Reputation: 2048
We are storing a folder tree, the number of items is huge so we have created a partition on the parent folder.
When we issue queries such as
SELECT * FROM root WHERE root.parentPath = "\\server\share\shortpath" AND root.isFile
The RUs is very low and the performance is very good.
But, when we have a long path eg
SELECT * FROM root WHERE root.parentPath = "\\server\share\a very\long\path\longer\than\this" AND root.isFile
The RUs go up to 5000 and the performance suffers.
parentPath
works well as a partition key as all
queries include this field in the filter.

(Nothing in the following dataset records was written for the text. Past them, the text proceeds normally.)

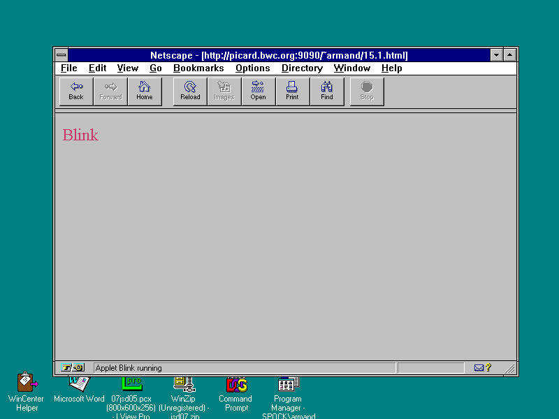 <APPLET CODE="Blink.class" NAME="Blink" WIDTH=300 HEIGHT=100>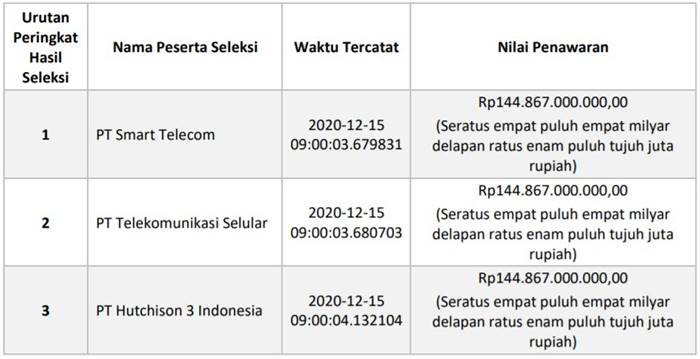 Pelaksanaan penentuan peringkat melalui aplikasi pencatatan waktu telah dilaksanakan dengan diikuti oleh 3 peserta seleksi yakni PT Telekomunikasi Selular (Telkomsel), PT Smart Telecom (Smartfren) dan PT Hutchison 3 Indonesia (Tri Indonesia).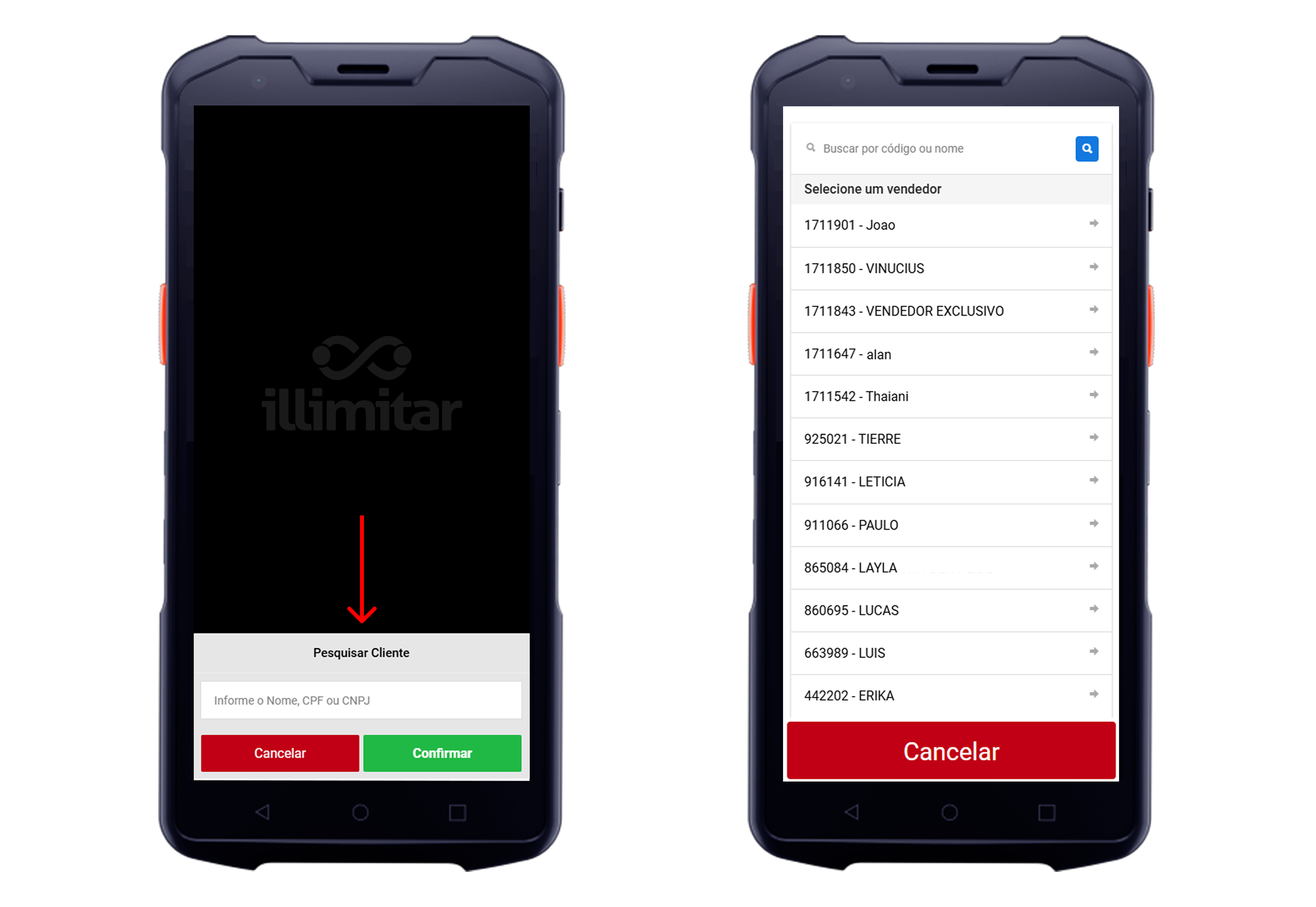 Pesquise por Nome, CPF ou CNPJ. Selecione o Cliente. Selecione o Vendedor.
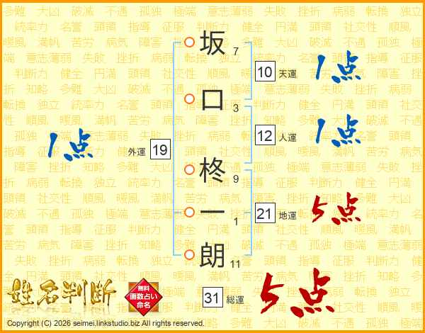 坂口柊一朗さんの総運は31画の5点!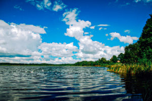 | 16,0 | Na wschodnim brzegu zatoka Drela, ujście rzeki Drela (spławna tylko wiosną), przy wejściu do zatoki na cyplu po lewej stronie dogodne miejsce na biwak w nieistniejącym gospodarstwie, w mirabelkowej alei, głęboko do samego brzegu; w głębi zatoki prawdziwy raj roślinności wodnej, brzegi niedostępne. |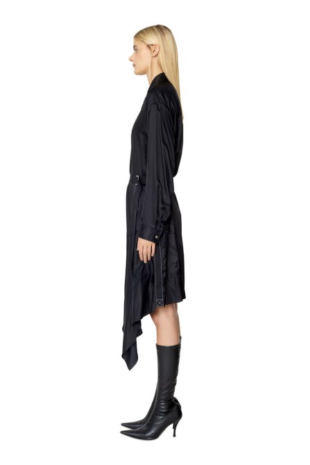 Weites Kleid Aus Viskose-Seidensatin Mit Asymmetrischem Volanteinsatz Am Saum. Ein Bandgürtel Im Military-Stil Reguliert Die Passform.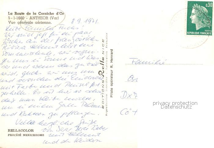 13786995 Antheor 83 Var Route de la Corniche d Or vue aérienne postalisch gelaufen Fliegeraufnahme Erhaltung siehe scans [FriedD77] Fliegeraufnahme carte postale Frie Katcode 11170083183118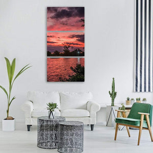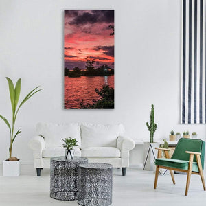 A seascape of water, sky, trees and a cloudy sunset that balances dramatic dark clouds with warm red‑orange light reflecting on the sea. The split composition and rule of thirds give the scene a vibrant yet serene feel, suited to modern room decor.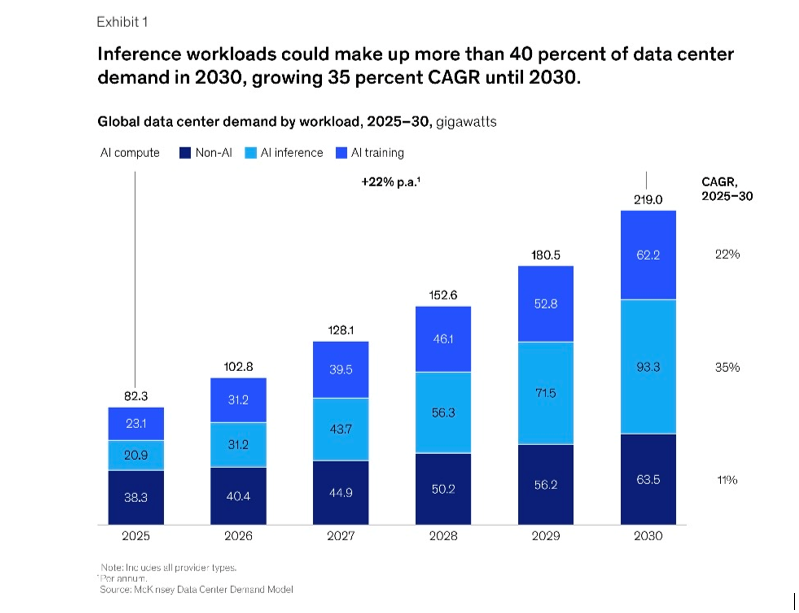 That’s important because we can see the workloads shifting to AI inference. Here is some data from McKinsey & Co on this. They predict that inference workloads will surpass training workloads by 2030. It will become 30-40% of total data center demand.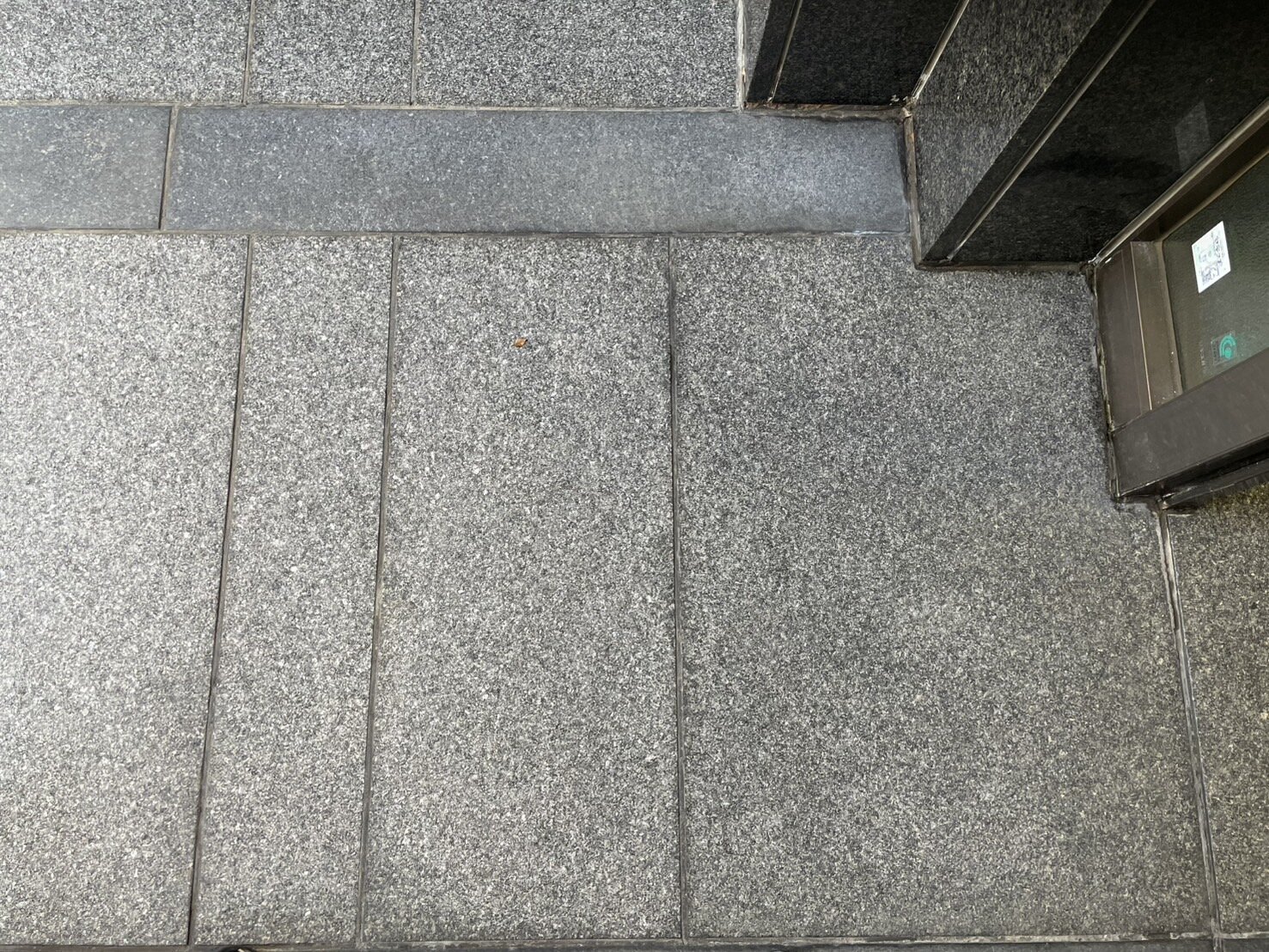 - 店舗入り口前の黒御影石バーナー仕上げの床に濡れジミが

If I add another clause to the query it also becomes very fast, eg if I do something like and root.name = 'filename'
It's almost like it's scanning the entire partition based on the hash that's derived from it.
The Query returns NO DATA
which is fine as its someone looking for child folders under a given node, once you get deep it just gets very slow.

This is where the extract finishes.